→ Information provided:
□ □ □ □ □

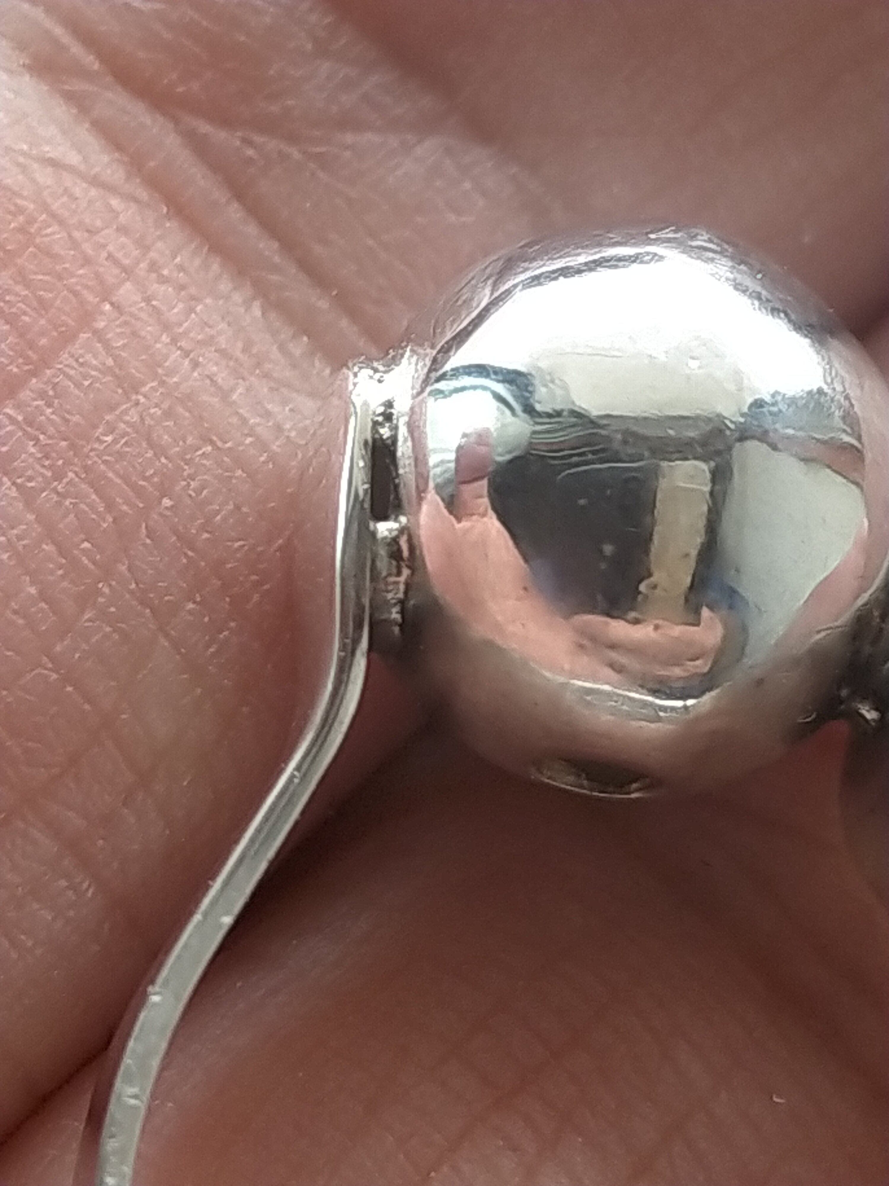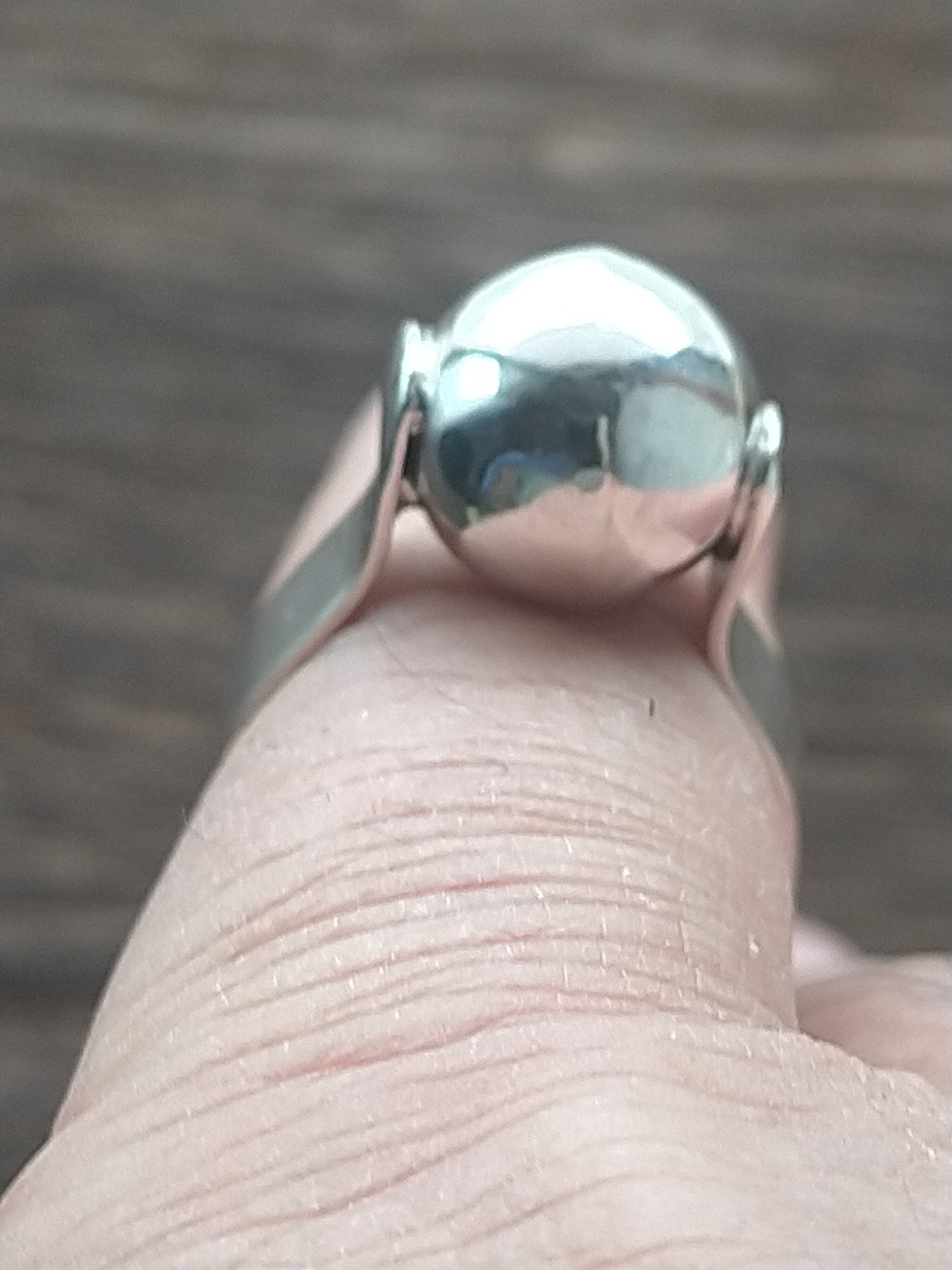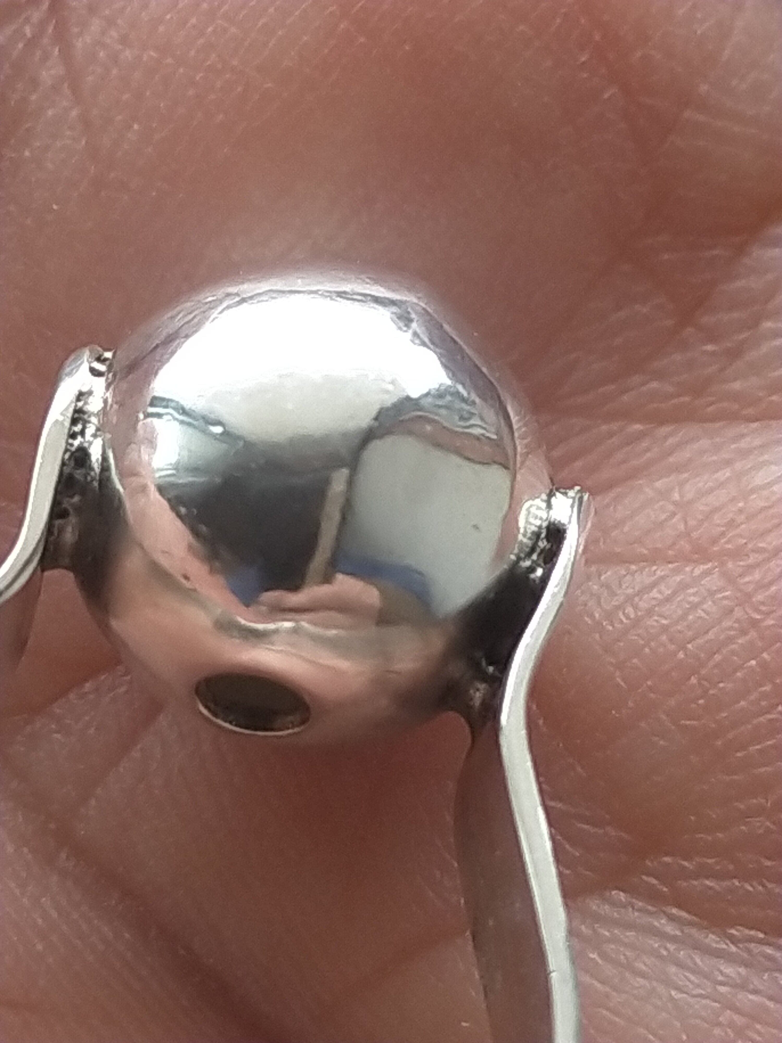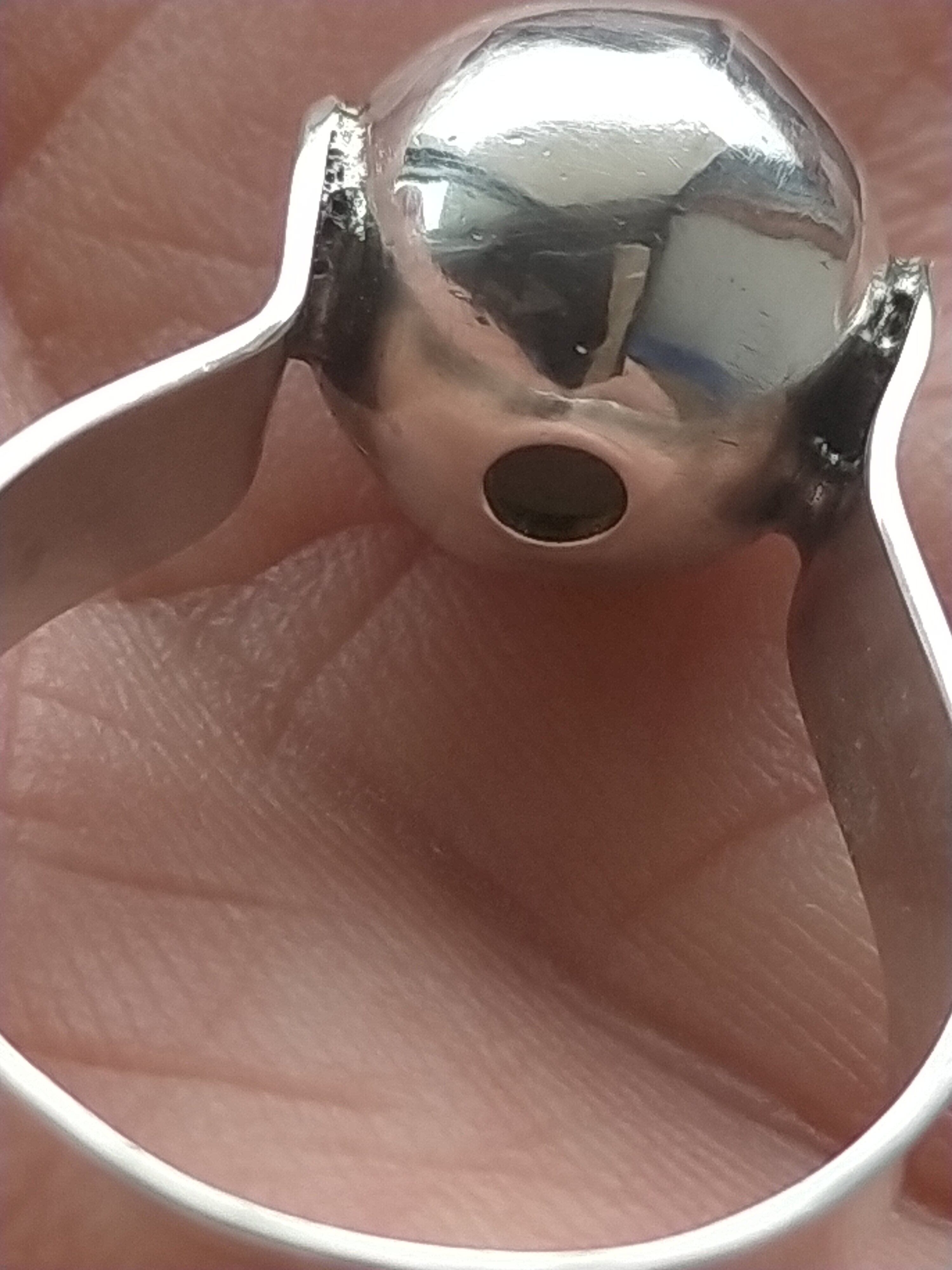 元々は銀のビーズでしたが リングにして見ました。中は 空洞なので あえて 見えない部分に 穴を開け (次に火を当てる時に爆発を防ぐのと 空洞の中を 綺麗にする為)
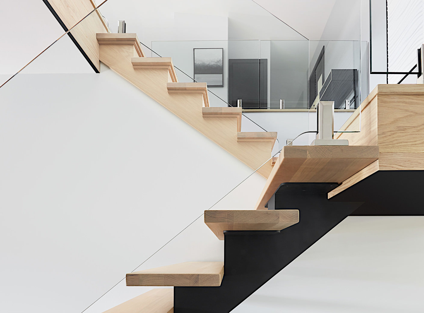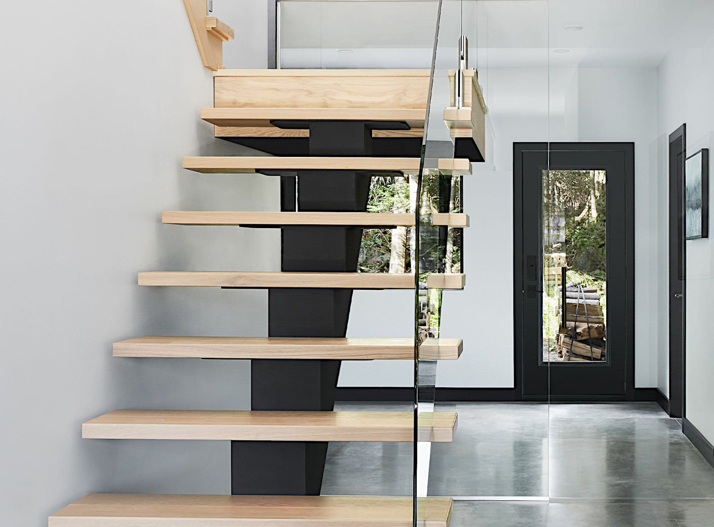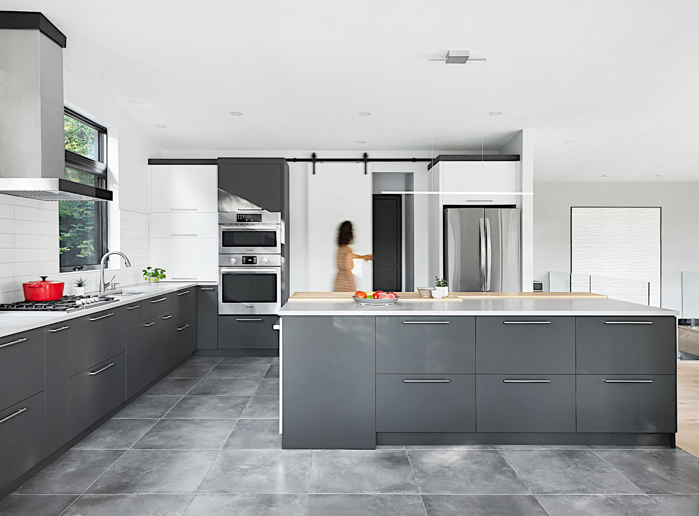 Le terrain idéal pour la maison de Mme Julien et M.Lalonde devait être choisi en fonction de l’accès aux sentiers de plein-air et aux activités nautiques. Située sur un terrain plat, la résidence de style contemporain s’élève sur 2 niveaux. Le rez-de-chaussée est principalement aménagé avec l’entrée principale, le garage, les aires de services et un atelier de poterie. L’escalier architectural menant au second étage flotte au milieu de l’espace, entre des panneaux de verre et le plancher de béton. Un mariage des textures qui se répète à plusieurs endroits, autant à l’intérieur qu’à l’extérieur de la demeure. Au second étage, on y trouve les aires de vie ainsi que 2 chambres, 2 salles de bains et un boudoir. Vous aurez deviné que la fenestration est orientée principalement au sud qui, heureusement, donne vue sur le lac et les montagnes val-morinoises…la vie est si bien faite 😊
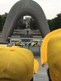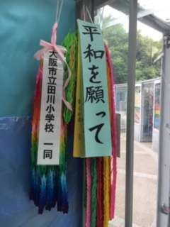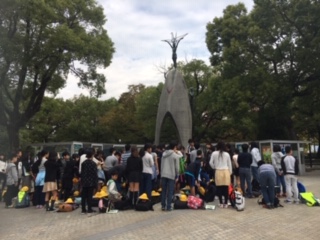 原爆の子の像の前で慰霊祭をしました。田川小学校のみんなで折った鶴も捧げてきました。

□ □ □ □ □

→ Exercise: Wherever a picture appears in the material above, skip it and copy the rest without change.

→ Task output:
 元々は銀のビーズでしたが リングにして見ました。中は 空洞なので あえて 見えない部分に 穴を開け (次に火を当てる時に爆発を防ぐのと 空洞の中を 綺麗にする為)
 Le terrain idéal pour la maison de Mme Julien et M.Lalonde devait être choisi en fonction de l’accès aux sentiers de plein-air et aux activités nautiques. Située sur un terrain plat, la résidence de style contemporain s’élève sur 2 niveaux. Le rez-de-chaussée est principalement aménagé avec l’entrée principale, le garage, les aires de services et un atelier de poterie. L’escalier architectural menant au second étage flotte au milieu de l’espace, entre des panneaux de verre et le plancher de béton. Un mariage des textures qui se répète à plusieurs endroits, autant à l’intérieur qu’à l’extérieur de la demeure. Au second étage, on y trouve les aires de vie ainsi que 2 chambres, 2 salles de bains et un boudoir. Vous aurez deviné que la fenestration est orientée principalement au sud qui, heureusement, donne vue sur le lac et les montagnes val-morinoises…la vie est si bien faite 😊
 原爆の子の像の前で慰霊祭をしました。田川小学校のみんなで折った鶴も捧げてきました。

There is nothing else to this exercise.